COURTESY PHOTO  - Community members at The Stafford senior living center live stream Mountain Park Church services. Mountain Park Church opened its doors to the community June 7 — and the church has managed to get creative by live streaming services in separate rooms, allowing community members to return in-person.

Senior Pastor Gregg Borror said that following the governor's restrictions for Phase 1, which limited gatherings to 25 or less, the church felt they had enough rooms in the building — and a steady WiFi connection — to separate people by ages in various rooms and live stream services.

"It seemed like the easiest thing to do," Borror said. "People have loved it."

But not all churches have the ability to operate that way, and not all feel safe to do so.

Lake Oswego United Church of Christ is staying closed through Aug. 31.

"Primarily for safety and public health," said Pastor Jennie Ott, adding that there are other community members who share the facility as well. "We're trying to follow all the safety protocols for the county and the CDC. We also have a vulnerable population."

Since the churches closed due to COVID-19 concerns and gathering limitations, many have been recording and showing their worship services online.

Ott said the LOUCC has shown the worship services on YouTube every Sunday and they've had more people participating online than if they were meeting in person.

"Even more than we typically have on a Sunday," Ott said. "Surprisingly there's been benefits through this process as well."

Lake Bible Church is also in the process of working toward reopening with a tentative date set for Sunday, July 26.

"We're deferring it to that date because we have a COVID-19 Committee that is working very hard to put all the protocols in place, have all the equipment we (need), and have everyone practice to monitor the protocols," said Senior Pastor Jim Andrews, adding that he personally doesn't think everyone avoiding each other is much of a church service. "It's not my idea of a worship service — everyone coming in looking like masked bandits."

Andrews said when the church does reopen, they can space people out and accommodate most who will come in the auditorium.

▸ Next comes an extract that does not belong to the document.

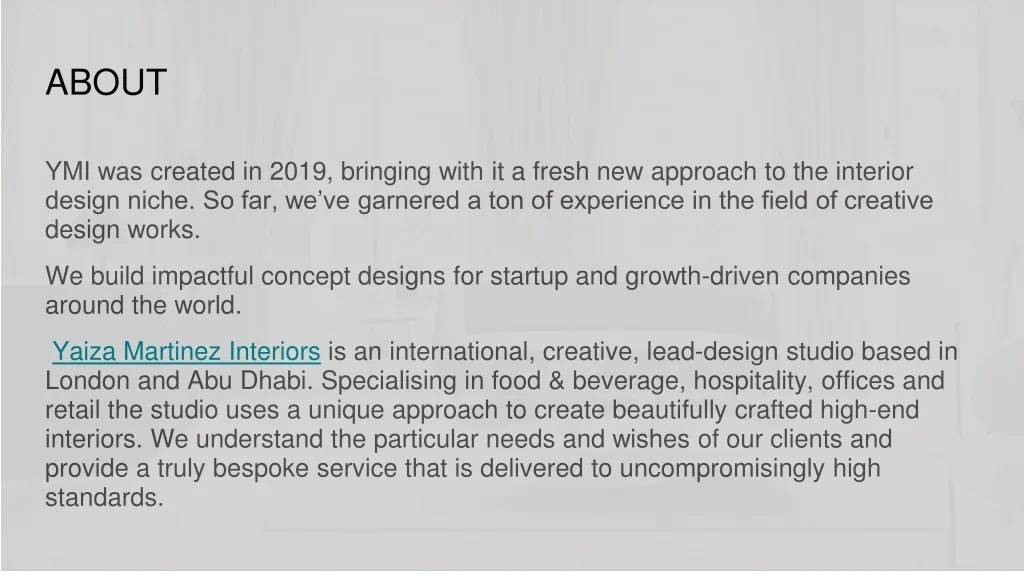 ABOUT YMI was created in 2019, bringing with it a fresh new approach to the interior design niche. So far, we’ve garnered a ton of experience in the field of creative design works. We build impactful concept designs for startup and growth-driven companies around the world. Yaiza Martinez Interiors is an international, creative, lead-design studio based in London and Abu Dhabi. Specialising in food & beverage, hospitality, offices and retail the studio uses a unique approach to create beautifully crafted high-end interiors. We understand the particular needs and wishes of our clients and provide a truly bespoke service that is delivered to uncompromisingly high standards.

For people with children, the Great Room upstairs will be available. There will not be childcare available.

"There are some who have underlying conditions and they don't plan to show up for a while," Andrews said. "We've got some people that are still very fearful and cautious of big crowds."

Andrews said people can attend the service by reservation only.

"Everything will be closely monitored where people come in, where they exit. We will allow families to be closer together," Andrews said. "We will have masked singing … we'll have my message — I will not be masked when I bring the message — we will probably have communion but it'll be self-serve; we will not have people passing out communion cups and the bread."

Andrews said it's unhealthy for a church body to be separated for an extended period of time and that it's not only a spiritual institution, but a social hub where people value love and support.

Andrews reiterated that opening the church is not an act of rebellion.

"We're trying to cooperate with the program, but we think that time has come," he said.

Borror said Mountain Park Church will continue the live stream service and the video-based ministry during summer.

"We're trying to make it so people can connect with us however they want," Borror said. "We want to make it (live streaming) as good as we can afford to make it."

When Clackamas County enters Phase 2, the gathering size will be doubled.

"That would be pretty close to normal for us," Borror said. "We have a big enough space to do that. We are super excited about Phase 2."